Captain Marvin was delighted to hear that Mat would give the lecture,
and promised to help him. “We will settle the day as soon as we can,”
he said. “To-morrow will be Sunday, there is rather a famous man going
to preach in the evening in a church close by, and if you are so
inclined why there is plenty of room for us all in the Governor’s pew.”

“Yes, we’ll go,” said Tim; “we haven’t been to church since we were
lads in t’vorest, excepting on board ship, and that ain’t ’zactly
church.”

“That’s settled then; I’ll look out for you two to-morrow evening. You
will like Parson Tabor; he is a good man.”

When the brothers entered the church next evening they found it
crammed to suffocation, and with difficulty they followed Captain
Marvin to the Governor’s pew.

The grand and solemn tones of the organ were playing a voluntary as
they passed up the aisle,—music which sounded sweet and soothing to
their unaccustomed ears.

During the prayers which followed, our foresters carefully imitated
Mrs. Marvin in kneeling, standing, or sitting, as the case might be.
She also helped them to find their places in the prayer-book, when at
a loss.

Prayers over, the sermon commenced. Complete silence reigned as
the clergyman ascended the pulpit; the brothers, looking up, saw a
broad-shouldered man of florid complexion and square-cut jaw, whose
profile reminded Mat for an instant of a fighting-man, whom he had
once known in the Forest, but the resemblance quickly changed when he
saw his full face, with its solemn, earnest expression, and heard his
voice.

The preacher gave out a text which at once enwrapt the attention
of our twins, so applicable did it and the eloquent sermon which
followed, appear to their own case in having escaped so many dangers.
As they walked homewards their thoughts were with the parson Tabor,
and what he had said to them. Yet Tim made one remark,—

“Mat, if ever I want help or advice I’ll go to that man.”

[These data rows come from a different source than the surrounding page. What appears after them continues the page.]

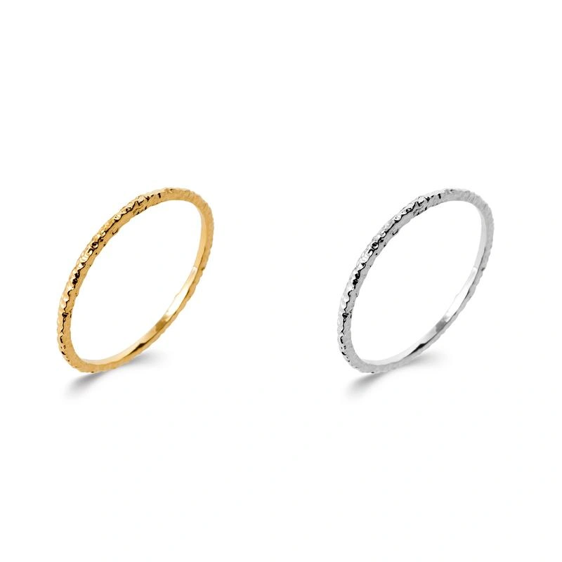 Bague fine au relief irrégulier, offrant un rendu texturé et organique. Son design brut et discret en fait un bijou facile à porter seul ou en accumulation.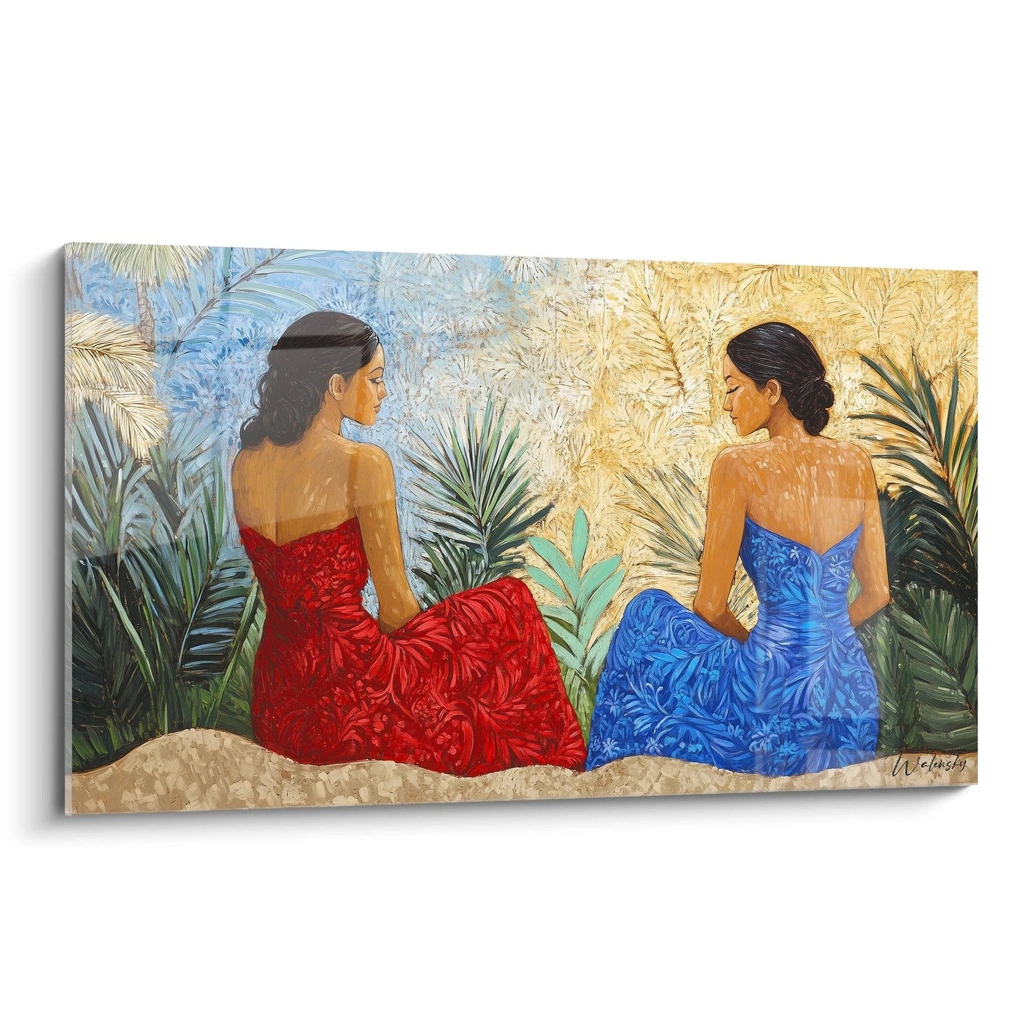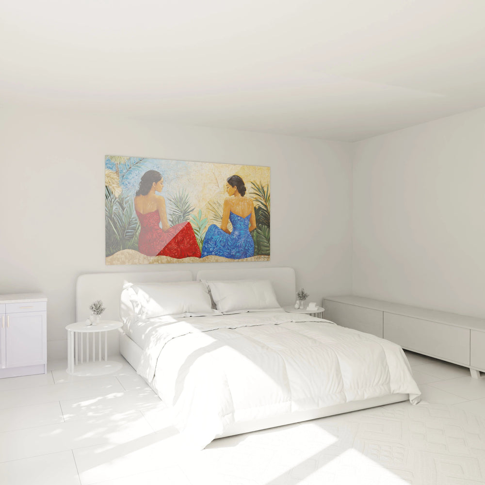 Les deux figures féminines, baignées d’une lumière douce, évoquent une quiétude profonde, invite à la méditation et à l’évasion. Leurs vêtements aux teintes lumineuses – rouge passion, bleu apaisant, et beige chaleureux – s’accordent à merveille avec le décor végétal luxuriant qui les entoure, recréant une atmosphère à la fois vibrante et reposante. Ce tableau est une ode aux instants suspendus, où le calme intérieur trouve sa place au sein d’un monde vibrant et coloré.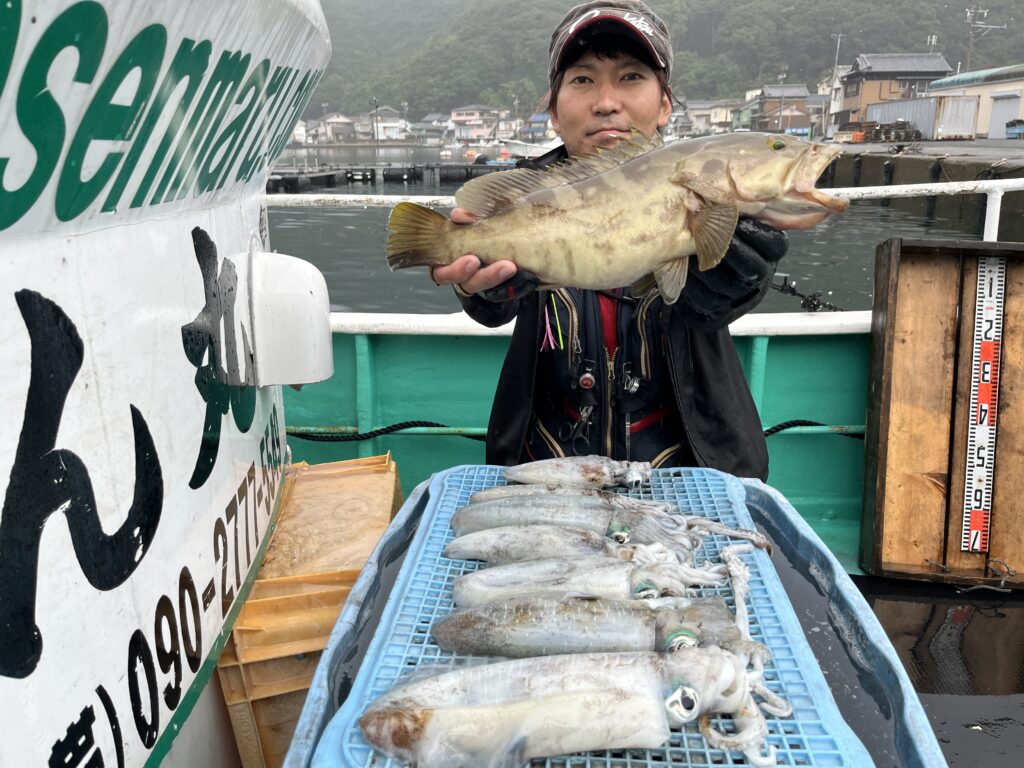 アオリイカ 17〜27cm 7杯 クエ 41cm 1尾 ヤエン仕掛け あじ販売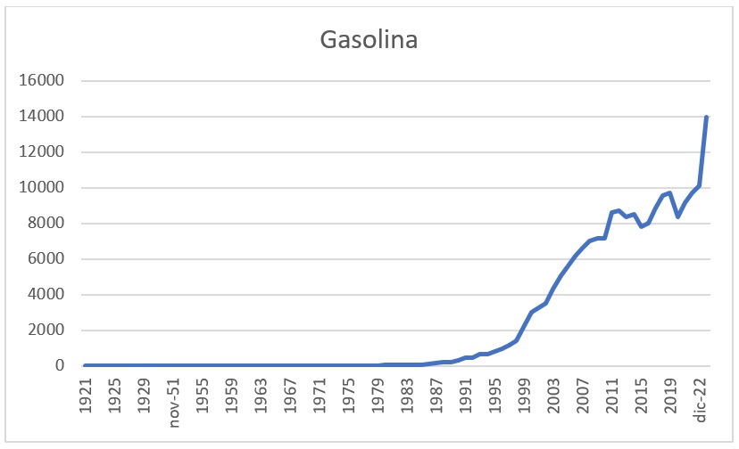 Gráfico 1 Precio de la gasolina corriente en pesos por galón de 1921 a 2023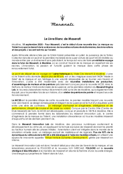 "Nous retournons sur la piste de course, là où tout a commencé pour nous. Avec la MC20, nous posons la pierre angulaire pour construire le futur de Maserati. C'est le début d'une nouvelle ère", a lancé Davide Grasso, le patron de Maserati, marque de l'italo-américain Fiat Chrysler (FCA).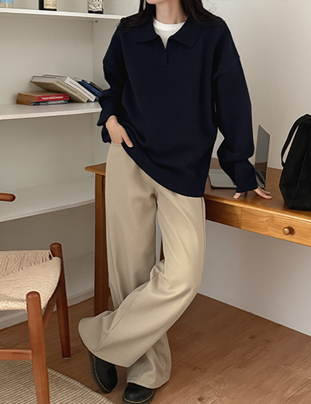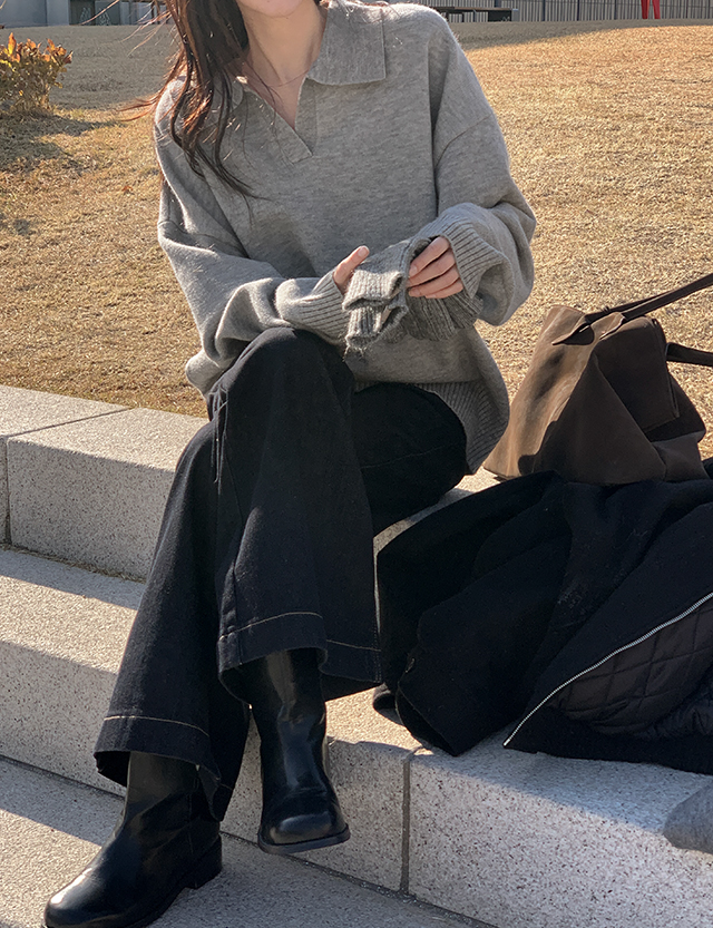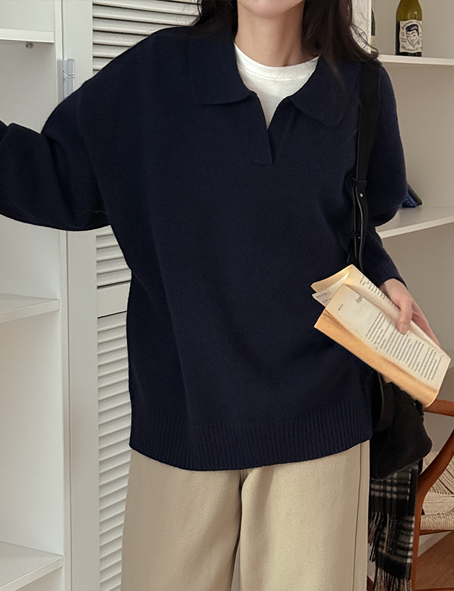 데일리템 반오픈 領口 寬鬆 針織 85126

In the middle of the succeeding week, and after Mat had rehearsed, to
Marvin’s satisfaction, the latter came in with the morning papers.

“Look here,” he cried, “you are in for it now; here’s the announcement
of the lecture, there, read it—‘Under the patronage, &c.’”

“Yes, I am,” laughed Mat, as he glanced at the advertisement. “As you
are pleased to say I shall pass, thanks to you, I shall go at it with
a light heart.”

The much-thought-of evening had arrived. Though Mat and his party,
supported by the Governor and suite, arrived early, they found the
large building already crammed, every seat having been engaged some
days beforehand.

Having gained the platform, the Governor introduced his friends in a
few happily chosen phrases, and Mat, as soon as the applause was over,
at once commenced; his brother and the two natives standing by him.

He told his audience that he had never addressed a meeting of his
fellow-countrymen in his life, and that he hoped they would forgive
any shortcomings.

When he and his brother were told that not only the citizens, who had
received them so warmly at the steamer, but that also many influential
squatters had expressed a wish to hear how they had passed their
time with the northern blacks, they determined to come to that house
to-night and obey the call. He said,—

“To begin with, we are gipsies, born and bred in the New Forest, in
England—”

At these words, a stentorian voice in the audience called out,—

“I knew it; the lad I broke in myself.”

Mat looked in vain to see who spoke, but only noticed in the quarter
from whence the voice proceeded, a burly individual with a purple
face, and a long white beard, sitting rather prominently amongst the
audience, so he continued,—

“I did not come out at the expense of my country, but for all that I
helped to break the Forest laws by being out with a friend when he
shot a deer.”

Mat then gave a full account of the wreck, of the subsequent escape,
and of life amongst his black friends.

He added that he reckoned that as near as he could put it the wreck
happened in about seventeen degrees south latitude.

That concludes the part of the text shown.